Review of Larry Johnson’s “Veins”

by Scott Owens

by Larry Johnson
David Roberts Books, 2009
ISBN: 9781934999691

It takes a significant level of negative capability to forego the comfortable and familiar “I” of the poet-speaker and place oneself firmly, convincingly and insightfully into the complete milieu of a speaker that is decidedly “other.” Yet, such a dissolution of ego is a vital component of a great deal of successful poetry as it allows the poetic imagination’s free rein run across a wider range of human experience than one trapped in first person, in the “cell of self,” could hope to achieve. Among the many impressive qualities of poetic practice present in Larry Johnson’s Veins, perhaps this ability is the most satisfying as this seasoned writer skillfully moves forward, backward and laterally across time, place and psyche to expand the readers’ grasp of the timelessness and universality of human experience.

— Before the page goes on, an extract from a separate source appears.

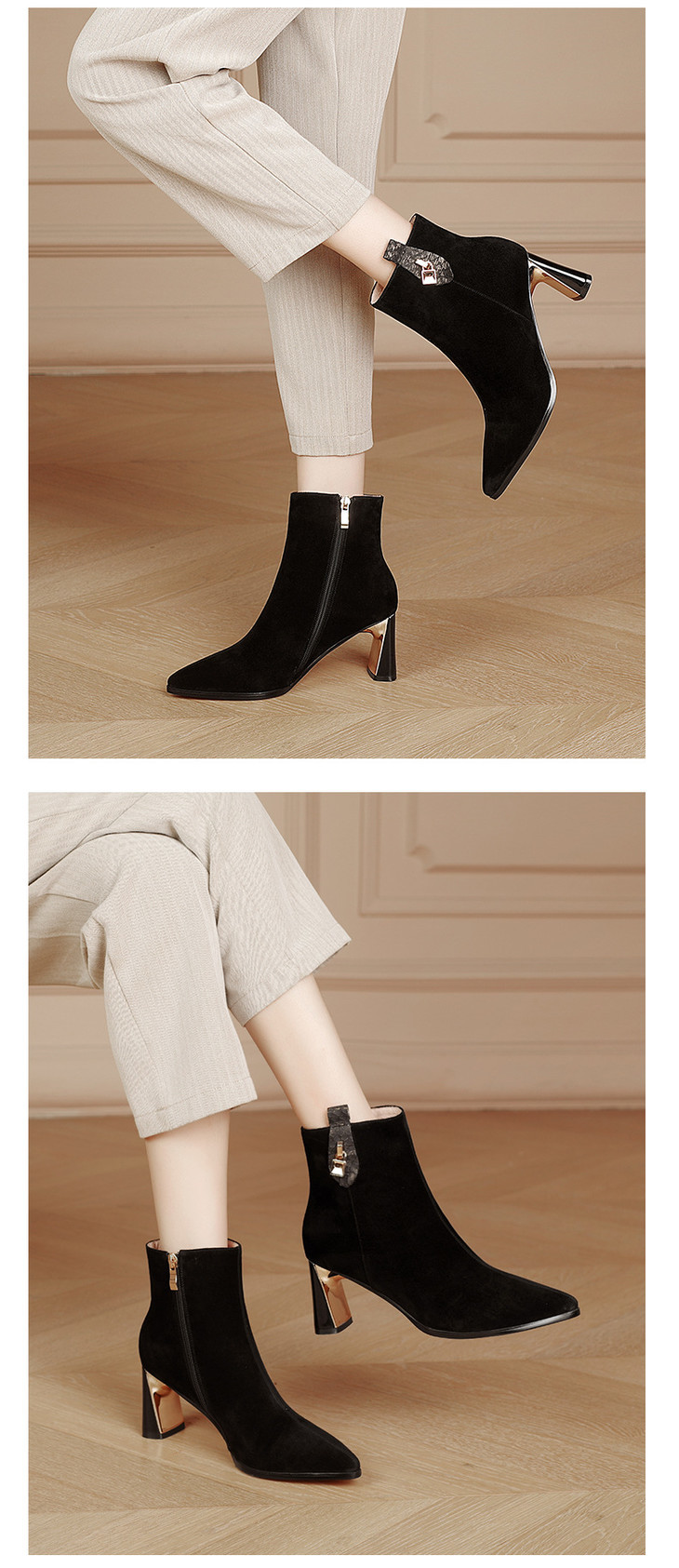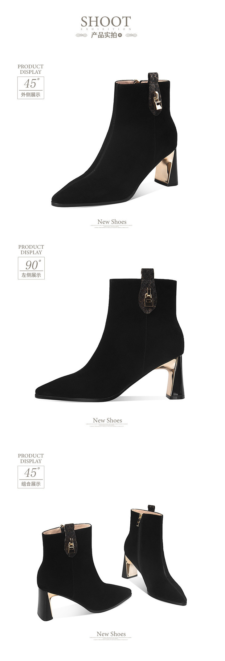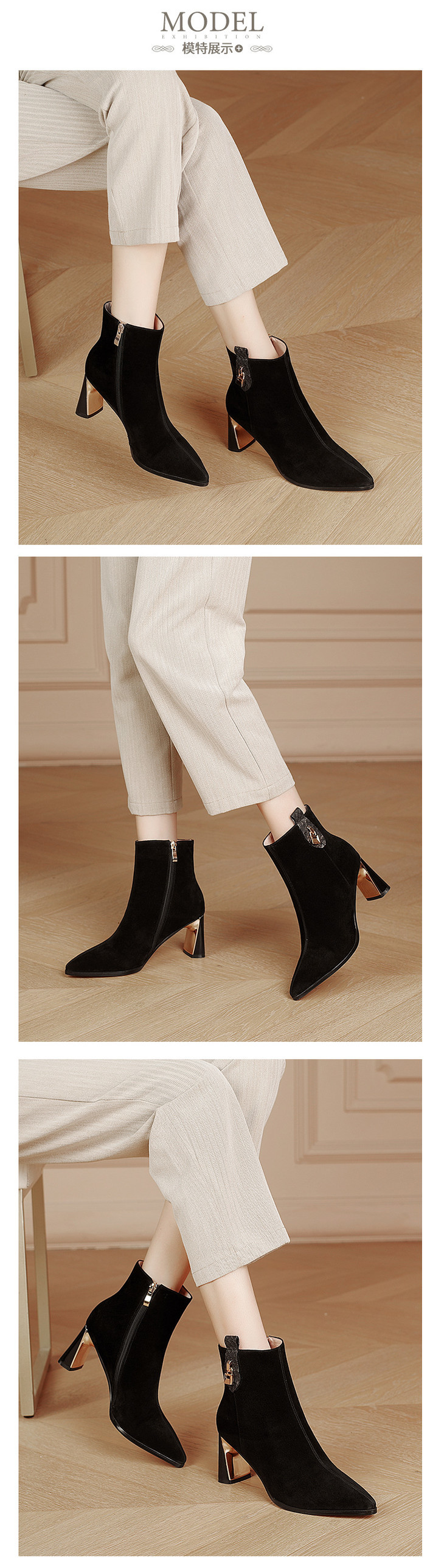 KBY-LD7090新款时尚气质尖头粗高跟短靴

Make no mistake about it, the clear subject of these poems is what some would say is the only proper subject of poetry: mankind. And accordingly, these poems are steeped in the humanistic traditions of literature, art, music, politics, and philosophy, of man’s efforts to create meaning, significance and lastingness. Even in poems about natural beauty or disaster (ivory-billed woodpeckers, Krakatoa, Herculaneum), it is the impact of these natural elements on the human world that is the focus of consideration.

The opening line of the opening poem, “Man Going” (one of my favorites), demonstrates the reason for such a focus. “What is on earth that tenses,” the line asks. The inevitable answer, of course, is mankind, the one creature on earth that bears the weight of consciousness, of knowledge, of contemplation of the possibility of ruin; the one creature that might pause to consider the significance of “a meteor sifting through Leo’s flank,” and taken a step further, might even write it down and follow it with the question, “How may we see beyond this,” and then answer that question with the Wordsworthian suggestion that we “ease back to warm sand / and the sucking sea/ and feed on ruins of strange fish.”

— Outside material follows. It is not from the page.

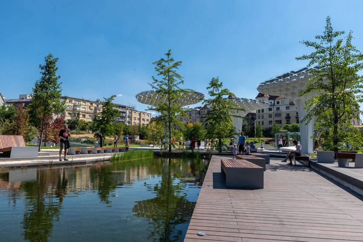 Panorámalifttel ellátott függőkert, napelemfák, hűsítő szökőkút, napágyak és egyebek mellett egy kristálytiszta vízű tó várja a budapesti Széllkapu Parkban a látogatókat. Már egy nappal az átadás után mosolygósan sétálgattak itt kisgyermekes családok, idős emberek.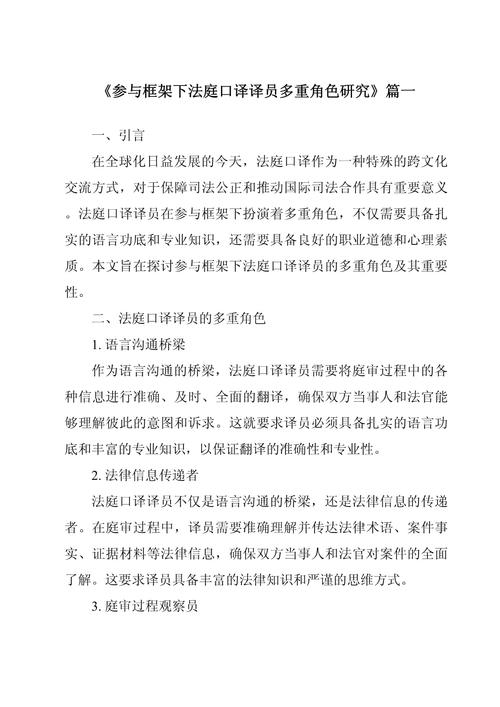 法庭口译在司法体系中扮演着关键角色,主要功能是确保法律程序中各种语言信息的准确传达。这项工作对于维护正义、保证诉讼各方在庭审中的公正参与至关重要。接下来,我将从不同角度对法庭口译的具体实践进行一番讨论。

Thus, with the license granted by such an understanding of the uniqueness of mankind’s place on earth, Johnson ventures out into a wide range of human perspectives, sometimes his own, but just as often reinvigorating the circumstances of Marcus Aurelius, Juvenal, Hadrian, Caracalla, and many others. From these perspectives Johnson shares what it did or what it might have felt like to be there. Given his awareness of the temporal pageant of human history against the larger, more “automatic” pageant of natural history, one might wonder what Johnson offers us in the way of not just experiencing but understanding. The answer is just this — that our greatest defense is our appreciation of the vitality, the potential, of the single moment. Thus, as a reminder of this fact, in a poem perfectly titled “Once,” Johnson shows us an ironic younger speaker lacking that understanding: “The rarest creature of earth, / and I saw one, fallen to earth, / but less precious to me than the helicopter / which had sliced and dipped so silverly.”

It is no surprise that Johnson’s photo on the back cover of Veins shows him standing at Keats’ grave. The stance these poems encourage is the belief that life is best experienced in the full consciousness of human history but without the distorting, perhaps even blinding, influence of prejudice or expectation. Could there be a better definition of negative capability than that?